Given protection under the Endangered Species Act in 1984, the wood stork’s rebound was aided by a multi-agency recovery plan that focused on protecting its breeding colonies in the Everglades and creating new wood stork habitat in six other southeastern states. 

“The wood stork is the iconic species that brought about the desire to restore the Everglades,” said Billy Brooks, fish and wildlife biologist and wood stork recovery lead for the U.S. Fish and Wildlife Service. “It opened a big area of research looking at the native species as indicators of the health of wetlands, water quality and quantity, and coastal resilience.”  

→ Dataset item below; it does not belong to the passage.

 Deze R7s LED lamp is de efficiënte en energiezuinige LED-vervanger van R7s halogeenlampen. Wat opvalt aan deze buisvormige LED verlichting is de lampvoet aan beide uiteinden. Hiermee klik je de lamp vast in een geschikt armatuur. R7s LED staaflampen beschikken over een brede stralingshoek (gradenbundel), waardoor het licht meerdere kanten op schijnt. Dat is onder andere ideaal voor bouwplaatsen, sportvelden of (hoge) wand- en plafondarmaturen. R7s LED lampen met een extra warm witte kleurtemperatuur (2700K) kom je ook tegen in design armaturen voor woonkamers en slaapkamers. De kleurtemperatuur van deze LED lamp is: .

Standing more than 4 feet tall, a wood stork uses a hunting method known as tactile foraging, snapping shut its long, thick bill when it finds a fish, frog or crustacean in the shallow water. Wood storks nest in colonies, building homes in trees on islands or emerging from the swamp.  

The big bird’s recent resurgence has led the U.S Fish and Wildlife Service to seek to delist the wood stork from the federal list of Endangered and Threatened Wildlife. It’s a move that concerns some wildlife groups, who point out the wood stork’s numbers have been notoriously fickle, reports WUSF Public Media. The current 11,000 nesting pairs is still only half the amount before the wood stork population crashed. 

California’s monarchs on the upswing 

One year of progress for the monarch butterflies of the California flyway may seem like luck. Two years of rebounding butterfly counts across the Golden State strikes us as more than a coincidence and perhaps a sign of a welcome trend.  

As part of the 26th Western Monarch Count, over 250 volunteers surveyed a total of 272 sites across coastal California and some locations in interior California and Arizona between Nov. 12, 2022 and Dec. 4, 2022, reports Palo Alto-based Sunset magazine. The final tally ended up being 335,479 butterflies during the Thanksgiving counting period.   

What makes this such particularly good news is that in 2020, less than 2,000 monarchs were counted. That number rose to nearly 250,000 in 2021.  

“A second year in a row of relatively good numbers gives us hope that there is still time to act to save the western migration,” said Emma Pelton, a conservation biologist at the Xerces Society and western monarch lead, in a press release.  

California’s monarchs are part of a population that migrates from as far north as Manitoba, Canada, to overwinter in the highland forests of central Mexico. The bellwether species has been impacted by drought, wildfires, the loss of habitat and food sources—native nectar plants, especially milkweed—and the deadly effects of toxic pesticides, numerous studies indicate

Despite this welcome population trend, some of the hundreds of lepidopterists and monarch aficionados who gathered in San Luis Obispo, CA, in January for the International Monarch Butterfly Summit expressed some concern, given the series of storms that have lashed California this winter. 

“We hope it’s a minor setback,” David James, a professor of entomology at Washington State, told local TV station KSBY. “We’ve had two very good years now following the really bad year when there were just 2,000 monarchs counted at all the overwintering sites in California.” 

Added Robert Coffan, chair of Western Monarch Advocates: “We’ve learned especially with the ravaging fires we’ve had and now these big storms that the monarch butterfly is a pretty resilient insect.”